I've had an eye on Puzzle Quest for a while now. It seemed like a bit of an odd duck. I mean, sure, you have the character generation, the item generation, turn based combat, and the generic story. Pretty standard RPG stuff, right? But Puzzle Quest breaks the standard RPG mould in an interesting way. Everything you do: combat, item creation, training mounts, capturing monsters and such is done with a Bejeweled grid.

Wait a minute, you haven't heard of Bejeweled?

Go get the wooden object you no doubt used for my last post. Smack yourself again.

For the record. I don't enjoy doing this to you.

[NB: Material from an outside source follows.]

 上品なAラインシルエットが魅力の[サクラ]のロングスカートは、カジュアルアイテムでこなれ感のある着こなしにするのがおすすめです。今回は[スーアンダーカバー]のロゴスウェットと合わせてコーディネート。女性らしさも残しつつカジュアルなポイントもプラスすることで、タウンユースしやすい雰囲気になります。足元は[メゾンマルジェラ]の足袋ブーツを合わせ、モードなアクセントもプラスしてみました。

Anyway, this game could have gone wrong in so many ways. But it works. It's fun. The presentation for the DS isn't great, and the story's a bit meh, and it's fucking hard sometimes, but it's still a lot of fun. So if you looking for an RPG that's a bit different, give it a shot. It's out for DS, PSP and soon for the PC. And there's even a demo.

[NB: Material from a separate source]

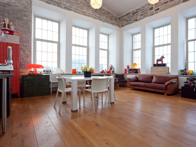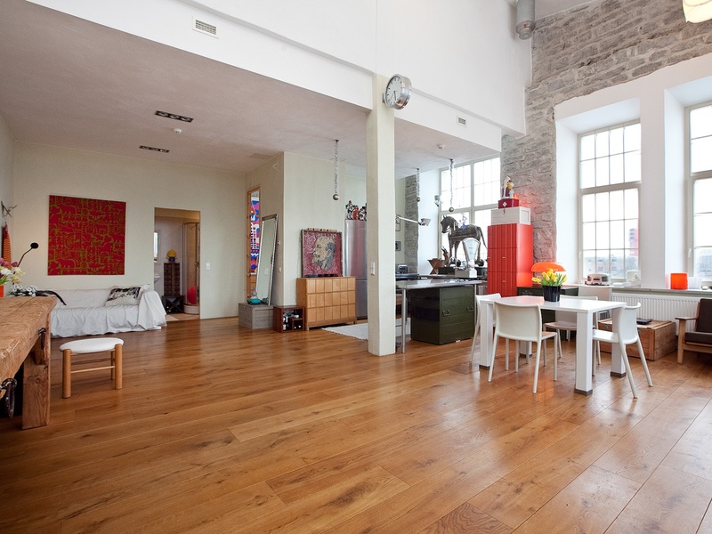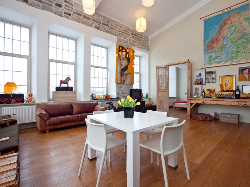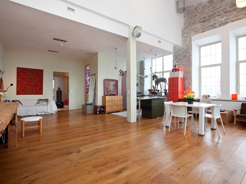 Flat for sale in Tallinn, the largest city and the capital of Estonia. The apartment is located on the 3rd floor of 3, has 6 rooms including 5 bedrooms, 1 living room, 2 bathrooms, 1 storage room (the size of the basement / storage room: 4.2 m2). The total area is 180 square meters. 2 parking spaces. Built in 2008, Building material: stone. Heating: gas. Doors: Historic wooden door. Windows: new wooden frame. Additional information: bath, wardrobe, internet, locked staircase, mailbox, door phone, shower, parking space in the building of the closed parking. Description: Unique apartment in a historic house, which is almost 100 years old, is an architectural monument. Historic architectural ensemble of renovated industrial and began a new life as a modern apartment building. The offered apartment - one of the best in the house. Spacious, warm and bright penthouse overlooking the three parties. The height of ceilings in the apartment type loft - about 5-6 meters, and the living room is spacious (68 m2 area). The apartment has 6 bedrooms and 2 bathrooms, 180 m2 (official area of 144 m2). The height of the apartment allowed to increase its area of 36 m2. In addition, the apartment belongs to the storage room the size of 4.2 m2 on the ground floor. The apartment is of high quality and original design - natural oak floor board width 26 cm, interior doors - doors of the restored historic mansion. It is possible to install a fireplace and a bath. In one of the bathrooms are two large windows. The area around the house is refined, in the courtyard of a children's playground and recreation area with benches. Exclusive offer of apartments on the market in Tallinn! Attention! The price includes two parking spaces in the building of the closed parking lot and a storage room in the basement. When buying a parking space separately, its price will be around 10 000 euros.

And if you are having trouble getting it, just order online. No need to kill anyone.

Friday, March 16, 2007

Loathing

Yes, I know I have posted about it before, but everyone needs to play Kingdom of Loathing. It's a silly, fun, online RPG that's surprisingly challenging. It's also more than a bit Canadian. Which doesn't hurt. Just stay away from the goofballs.

I've also been playing a little game called: UFO Afterlight. It's a spiritual sequel to the much beloved and fucking awesome X:Com. Now, if you don't know what X:Com is, or was, stop reading right now. Go get something big and wooden, and smack yourself with it. Hurts, doesn't it? Well, that's what you get. Geez. Double whammy for not stopping when I told you.

For the rest of us, I assume that we are all looking for something to fill that void. Messed up aliens. Disposable soldiers. Base building. Dark corners. Hover tanks.

Thus, you should ask: is Afterlight it?

Well, almost.

It's torturous, because while Afterlight is a good game, and gets close to scratching the X:Com itch, it just isn't there. It's painful at times, because you know that with a bit more love, you'd be playing it for hours on end in your underoos. But as it is, Afterlight is simply good.

So maybe give the demo a try, and let me know what you think. But man, isn't it about fucking time that someone steps up and make the X:Com game that we all want to play? Isn't it!?

Other than that, I've been very lame. Thank you and good night.